Friday, October 1, 2010
Ok, it's Friday night. I'm bored. Stuffed full of CrackerBarrell and ready for bed, yet i'm not willing to call it a night. Got a lot of things on my mind and I can't seem to turn it off. I thought about sleeping with the windows open tonight...I love the fall and late Spring season cause I can do that...Tony doesn't like it much, but as long as he doesn't have that sticky feeling from the humidity he usually gives in..lol. I was hoping one or some, of my grandkids could spend the night with us..at least the evening, but they all had previous plans..so that left Pappy and me to fend for ourselves. So I washed some clothes. Easy and boring enough. Tony decided to go fishing, but came home in just a little bit...said it was too windy, and, he sheepishly tells me, he forgot to put the plug back in the whatever it's called and the boat began to fill with water and the motor that pumps the water out of the whatever it's called came on. He didn't know what was going on at first, then he remembered that he forgot to plug it back up. So he hurriedly takes the boat out of the water, puts the plug back in and comes home. That was the extent of our excitement and even then, I didn't get to be there and him telling me the story wasn't quite as exciting as if I had actually been in the sinking boat with him. I am sure I would have panicked and cause an even bigger commotion than he already had going on all by himself.
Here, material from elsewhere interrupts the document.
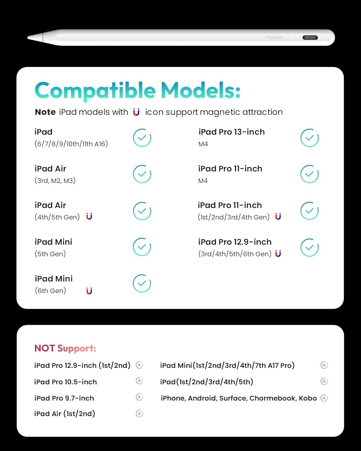 Metapen Pencil A8 for Apple iPad 2018-2025, (2X Faster Charge), Tilt White 🌟 Product Features ✨ 【0.1 mm Pixel Precise Without Delay】: The upgraded smart chip gives the pen a pixel-level accuracy of up to 0.1 mm, high sensitivity, no breakpoints and no delay. You can just enjoy writing small words and drawing fine lines with ease, just like a real pencil! NOTE: The iPad stylus does not have a pressure sensitive design ✨ 【2X Faster Charge】: Metapen Pencil A8 can be fully charged in just 30 minutes with USB-C and run for up to 10 hours. Charge 1 min = work 50 mins, charge 4 mins = work 2 hours. The LED indicator shows different colors according to the power, reminding you to charge in time. Automatic shutdown after 5 minutes of inactivity for efficient energy saving ✨ 【More Durable Tips】: Made of high quality polymer material, the Metapen‘s tips pass the 20 km tip durability test -- 2X more durable than the original iPencil's tips. Its internal structure remains always intact after 3000 times impacts. In addition, each Metapen A8 pen comes with two extra replaceable tips , much cost-saving for users with high frequency pencil tips ✨ 【Tilt-sensitive and Palm Rejection】: Different angles create different lines and shadows on screen. Tilt for the shadow in [pencil brush] or tilt for thicker lines in [Marker brush]. Our ipad stylu supports with Palm Rejection. No longer glove, you can rest your palm or fingers on the screen during sketching, drawing and writing ✨ 【Quick Connect and Double Magnets】: No need to connect to Bluetooth or APPs. Double-tap the top of the pen (Invisible touch switch) to turn it ON/OFF for a quick connect. With two built-in magnets, the Metapen iPad Pen is always ready to firmly attach to your iPad at any time, no more rolling and lost. (NOTE: Wireless Charging is NOT Supported. NO Magnet Attach for iPad Air 3rd/M2/M3 Gen, iPad 6th/7th/8th/9th/10th/11th Gen, iPad mini 5th/7th, iPad Pro M4) ✨ 【Make Sure Your iPad Model is Compatible】: Metapen Pencil A8 is ONLY compatible with the iPad 2018-2025 versions: iPad 11/10/9/8/7/6 Gen, iPad Pro 13 inch M4, iPad Pro 11 inch 1/2/3/4/M4, iPad Air 3/4/5/M2/M3, iPad Pro 12.9 inch 3/4/5/6 Gen, iPad Mini 5/6 Gen. NOTE: The Pencil A8 is NOT compatible with iPad models before 2018, iPhone, Android and Microsoft devices. Please check your product model before placing an order. ✨ 【All-powerful Assistant】: Pencil A8 uses the latest technology to accurately capture your every stroke. It is the best apple pencil for study and work, helping you to take notes, draw, sketch, design, and edit videos easily. At the same time, like the original iPencil, it can be used with iPad to achieve smart graffiti (automatically converted to regular shapes) and double-click the lock screen for quick memo. It is a good partner for children, college students, engineers, artists, and who often use iPad for digital work. 📦 Shipping: Shipping is complimentary within the lower 48 US States. 😊 🚫 We Do Not Ship to PO/APO Boxes, HI or Alaska 🌍 We Do Not Ship Outside of the Continental US ⏱ All items ship within 24-72 hours of Payment 📞 For large items that require Freight shipping, a valid phone number is required to call and schedule your delivery 📜 Terms of Sale and Feedback: ⭐ Feedback is extremely important to us and eBay 👍 If you are satisfied with our transaction, please take a moment to leave Positive Feedback. YOUR Satisfaction is our #1 Priority! ⚠ If there are any issues, PLEASE contact us BEFORE leaving a neutral or negative rating so that we may resolve any concerns. 💖 We PROMISE we can make you happy if you give us a fair chance. 🔃 Returns / Concerns: 📅 All items qualify for returns within 14 - 30 days of receipt. Buyer is responsible for return shipping on any item that is not damaged. 🛒 Please be sure this is an item you want before making your purchase. Customer Satisfaction is our TOP priority! 📦 All items are IN STOCK at time of listing. 📊 Inventory on eBay changes constantly and it is impossible to maintain a perfectly accurate count of all items. 🙋♀️ Please do not penalize us if we have to issue you a refund! 🙌 Thank You For Your Business!

But I got tickled at him..instead of telling me, or I should say admitting to me, that he forgot to plug the whatever it's called back up and that he had to take the boat out of the water to fix it, so he just came on home..he just said it was too windy to fish..hee hee. Actually, it was too windy to be out there, and I was kinda surprised he went to start with. We decided to head on up to CB for a late dinner..beans, cornbread and carrot cake...it was all good...Now i'm here, right back where I started...it's still Friday night and i'm still wishing I could have seen the kids, and bored again...so I thought I would blog a boring story to go along with my nearly perfect, boring night...Tony ruined my chances of a completely boring night, with his boating episode..and I didn't even get to be part of it....oh well....maybe next Friday night he won't mess it up and I can boast of our boringness! ...is that a word??...ugh.